|Home | About | Journals | Submit | Contact Us | Français|
Fear conditioning is a frequently used paradigm for assessing learning and memory in rodents. Traditionally researchers have relied upon scoring of fear related behavior by human observation, which can be difficult and subjective and thus vary among investigators. The goal of this study was to evaluate the ability of EthoVision tracking software (Noldus Information Technology, Inc.) to reliably and accurately score fear related behavior in mice. Specifically, we were interested in its ability to accurately track mice and score immobility as a fear related behavior during contextual and cued fear conditioning. Contextual and cued fear conditioning were performed in modified PhenoTyper chambers (Noldus Information Technology, Inc.) fitted with grid floors to deliver a scrambled foot shock. Our results demonstrate that we have identified parameters in EthoVision that can accurately track mice and be used for automated scoring of immobility that is nearly identical to scoring by human observation. Together, EthoVision software and the modified PhenoTyper chambers provide an excellent system for the reliable and accurate measurement of fear related behavior in a high-throughput manner.
Contextual and Cued fear conditioning are Pavlovian or classical conditioning tasks in which an animal learns the relationship between an aversive event and external stimuli that predict the aversive event. Fear conditioning is widely used to investigate the neurobiology of learning and memory at the molecular, cellular, system, and behavioral level (reviewed in Maren and Quirk, 2004). Our goal was to examine the ability of EthoVision software to accurately track and measure immobility in mice subjected to contextual and cued fear conditioning.
Measuring fear related behavior by a human observer can be difficult, especially when attempting to analyze the behavior of multiple cages in large experiments. Human observers can also have subtle yet significant differences in their subjective measurements of fear related behavior. This variability can potentially mask important performance differences in fear conditioning. In addition, human observer scoring is highly time consuming, making it unsuitable for scientific endeavors that require high-throughput analysis. Finally, although human scoring is performed by blind observers, there are cases in which different groups can be easily identified (i.e. when comparing strains with different coat colors, drug treatments causing obvious changes in behavior, lesions, etc), which compromise the objectivity of human scoring. Because of the disadvantages of using human observers to score behavior, the popularity and number of automated scoring software packages has increased rapidly. Thus, several studies have focused on utilizing automated scoring software to measure fear related behavior in this paradigm. In this study we examined whether a hardware and software package (PhenoTyper chambers and EthoVision software; Noldus Information Technology, Inc.), that are commercially available and specifically designed to be operated together, could be used to measure fear related behavior. We found EthoVision was capable, when using a proper configuration, of excellent tracking quality, matched human scoring of fear related behavior, and that in combination with modified PhenoTyper chambers can be utilized for reliable and precise automated scoring of immobility in mice subject to contextual or cued fear conditioning. The exact values for each relevant identified parameter in measuring fear conditioning are reported here.
Male C57BL/6J mice bred in our animal facility from mice originally obtained from Jackson Laboratories were used in most experiments. Mice were 8-16 weeks old and had free access to food and water in their homecages. Lights were maintained on a 12:12 hour light/dark cycle, with all behavioral testing carried out during the light portion of the cycle. All experiments were conducted according to National Institutes of Health guidelines for animal care and use and were approved by the Institutional Animal Care and Use Committee of the University of California, Irvine.
Fear conditioning experiments were performed using a set of four modified Noldus PhenoTyper (Model 3000) chambers (Leesburg, VA) with shock floors as previously described (Lattal et al., 2007). The PhenoTyper Model 3000 chamber has a 30 × 30 cm floor and is 40 cm in height. The PhenoTyper chamber is equipped with a top unit including a matrix of infrared LED lights and an infrared CCD camera, with a high-pass filter blocking visible light.

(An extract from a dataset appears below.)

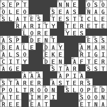 ACROSS 1. Back-to-school mo. 5. Compass dir. 8. Bear (Spanish) 11. Butter sub 12. Oceans 13. Tired old horse 14. Chalkboards 17. One of the two male reproductive glands 19. Noteworthy scarcity 21. Cigar-shaped 22. Old wives' tales, e.g. 23. It is so 24. Cleo's killer 27. Gouge 29. Double-curved letter 32. Memphis, Tenn. Street 34. 24 hours 36. Nanny 37. In addition 38. Make supply last 39. Swiss mountan, "Queen of the Mountains" 40. Municipality 41. Lair 42. Following 43. Grow older 44. Play the lead 46. Fast jet (abbr.) 47. American Automobile Association (abbr.) 50. Capital of Western Samoa 52. A viewer who gazes fixedly 55. Michaelmas daisies 57. Characterized by complete cowardliness 59. Slanted 62. Had dinner 63. Body of Kaffir warriors 64. Within a short period 65. To riddle 66. Ingest 67. Inactive volcano in Sicily DOWN 1. Distress signal 2. Pipe bend 3. Lightbulb-shaped fruit 4. Add up to 5. Born 6. Characterized by obscenity 7. First name in cosmetics 8. At one time in the past 9. Table seasoning 10. Double curve, resembling the letter S 12. Filthy place 15. Eat (away) 16. Father 18. Big collection agency 20. Looked after 24. Phillipine bananalike plant 25. Major League Baseball Commissioner Bud 26. Thick mixture 28. Proceeds 29. Sends forth 30. Gurus 31. Chest covering 33. Myrna of the movies 35. Gossips 36. Sandy's bark 42. Satellite of Uranus 45. Flats, for short 47. Nonscientific branch of learning 48. Nest on high 49. Odor 51. Came up 52. Practice fight 53. Carry 54. Toward shelter 55. Black tropical American cuckoo 56. Specific locale 58. Elect 60. Period of immesurable duration 61. Heredity factor (abbr.)

The floor of the cages was modified to include a stainless steel grid (inter-bar separatio: 0.9 cm) connected to an electric shock generator (Shock Scrambler ENV-414S; Med Associates, St. Alvans; VT). Automated tracking and shock delivery control were performed using EthoVision 3.1 software (EthoVision 3.1; Noldus Information Technology, Leesburg, VA; Noldus et al., 2001; Spink et al., 2001; see http://www.noldus.com/ethovision for additional references and information on EthoVision software). EthoVision software works as a contrast engine, recognizing objects by their differences in shade. The program takes samples, or screenshots, of video data and calculates the area of the subject depending on the difference of contrast between the subject and the defined arena, as designated by each pixel’s gray value. The detection method itself can be configured as a subtraction, or gray scaling method. A subtraction method uses a reference image of the experiment background, without the subject, to calculate where the subject is by subtracting real-time video data from the reference image. This method works well for experiments, in which the experimental background does not change often. The gray scaling method uses light and dark thresholds to determine the subject within the designated experiment arenas. For the purpose of our experiments, we chose to work with a gray scaling method, as it provided the most flexibility.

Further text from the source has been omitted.